Exercise details: From the entries that follow, copy exactly the lines beginning at the line holding "使用EDX 9000C实验室" and continuing through the line holding "7月3日闭幕式上,复旦大学马".

Provided records:
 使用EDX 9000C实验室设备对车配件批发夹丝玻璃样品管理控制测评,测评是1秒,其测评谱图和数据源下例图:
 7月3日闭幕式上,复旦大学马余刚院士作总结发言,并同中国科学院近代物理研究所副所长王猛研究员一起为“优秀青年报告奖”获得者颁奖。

--

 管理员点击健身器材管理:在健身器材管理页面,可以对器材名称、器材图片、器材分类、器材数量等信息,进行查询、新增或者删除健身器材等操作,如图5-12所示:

The answer:
 使用EDX 9000C实验室设备对车配件批发夹丝玻璃样品管理控制测评,测评是1秒,其测评谱图和数据源下例图:
 7月3日闭幕式上,复旦大学马余刚院士作总结发言,并同中国科学院近代物理研究所副所长王猛研究员一起为“优秀青年报告奖”获得者颁奖。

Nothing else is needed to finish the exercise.